When you have moved back to Canada, yuo have a date of entry and the number of days is irrelevant. 

The number of days is used when someone is in and out of the country, (usually on a regular basis),  NOT when one moves to Canada to live. If you moved here with husband on Sept 1 and spent 90 out of the next 120 days working in the USA, you would be taxable in Canada because of your move here. 

In other words, you are taxable on the income from the moment you entered Canada.

You are likely not taxable in the USA on that income unless you are still going across the border to the USA to actually perform the work.

Your email would indicate that you must have had a visa to do the work there but will likley have given that visa up unless you are:

a -   A US citizen in which case, you are still taxable in the USA on your world income but if the work is performed in Canada, would pay tax to Canada first OR

b -   You have a green card and filed form I-131 before you left the USA to keep your green card alive while in Canada (has to be renewed annually) OR

c -   You have an E-2 Visa which would allow you to contiue working in the US for your own company.  If it is your own company, a TN visa should not have been issued if that was what you were using OR

d -   You have an H1 to continue working for the US company in which case, although you call it your own, It would more likley be that you have a 50% or more partner in the USA.

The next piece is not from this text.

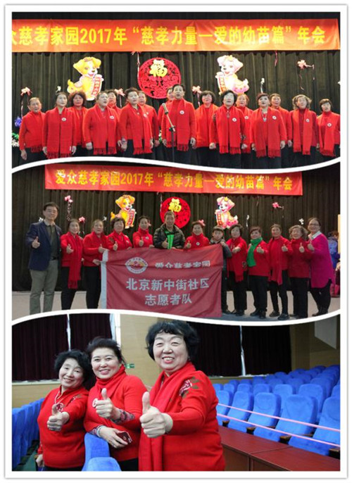 志愿者徐源钧感言:2018年1月18日下午,我们爱众慈孝家园的志愿者参加了新春年会,在大家的掌声中主持人王菁老师上场,我们看到了王菁老师的风彩,感到很温暖。之后在热烈的掌声中节目开始,在众多社区的节目中我们看到的是精彩、认真、热闹、人才辈出,虽然都是年龄大的叔叔阿姨唱的跳的都非常精彩!我也参加了演唱,《团结就是力量》这首歌,我体会深刻,无论是做什么事情,只要大家团结起来拧成一股劲,就能把事情做好,我第一次参加合唱,感到很高兴,我要坚持参加这样的活动,好处多多,心情愉悦。爱众慈孝家园的领导麻国华老师、芝麻开门的赵之心老师前来助阵,给我们志愿者上了一堂生动的课,教我们怎样锻炼身体,怎样跑步、走路,我受益匪浅,麻老师、赵之心老师的讲话,让我们志愿者大开眼界,我们一定按两位老师的思路走,向他们学习,做好志愿者的工作,继续前行,努力!再努力!年会在大家热烈掌声中结束,我们恋恋不舍,期待我们志愿者为爱众慈孝家园所做的一切更上一层楼。志愿者加油!

If you are physically performing some or all of the work in the USA, then the IRS and New York has first claim on that money (if you worked in New York, but there is no state tax if you worked in Bellingham, Washington, or Anchorage, Alaska) and Canada has second claim.  You would pay tax to the Federal Government and the State (if in a state with income tax) first and then report the money again on line 104 of the Canadian T1.  You would then report the money again on line 433 of the schedule 1 and claim the tax, FICA, Medicare and State tax on line 431 of the Schedule 1 (fill out T2209 first) and then put any excess on line 48 of schedule 428 (fill out T2036) if there was some left over to claim against your provincial tax.

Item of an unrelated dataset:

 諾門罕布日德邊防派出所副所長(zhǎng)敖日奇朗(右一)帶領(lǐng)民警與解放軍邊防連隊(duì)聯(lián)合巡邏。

If you are a US citizen or green card holder and are working in Canada only, you would pay the tax to Canada first and then claim the Fed Tax, Prov Tax and CPP you paid to Canada as a foreign tax credit on US form 1116.

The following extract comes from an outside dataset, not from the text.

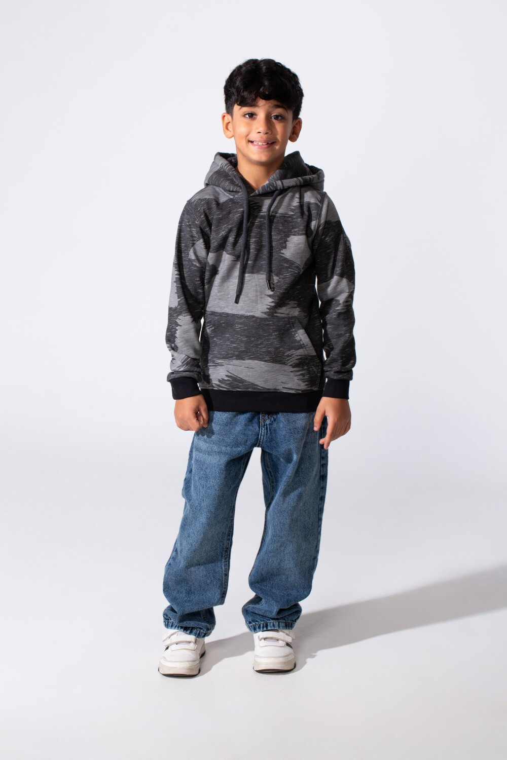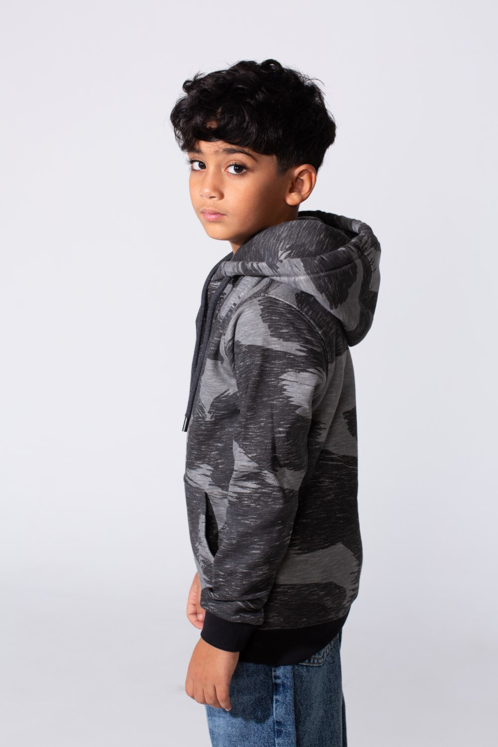 Boy's Slim Fit Long Sleeved Camo Melton Sweatshirt With Hood

Another possible scenario would be that you are a US citizen who does not really want to live and work in Canada even though your husband is here.  You have sort of moved her but opened an office in Bellingham or Marysville across the border  and are spending a lot of time there and are a factual resident of Canada have to report your world income but not taxable on income not earned in Canada.  In this case, (I have a couple of dozen of these where the wife lives and works in teh US and the husband in Canada or vice versa), you report your incometo Canda but exempt all US income on line 256 under Article IV of the US/Canada Income Tax Treaty.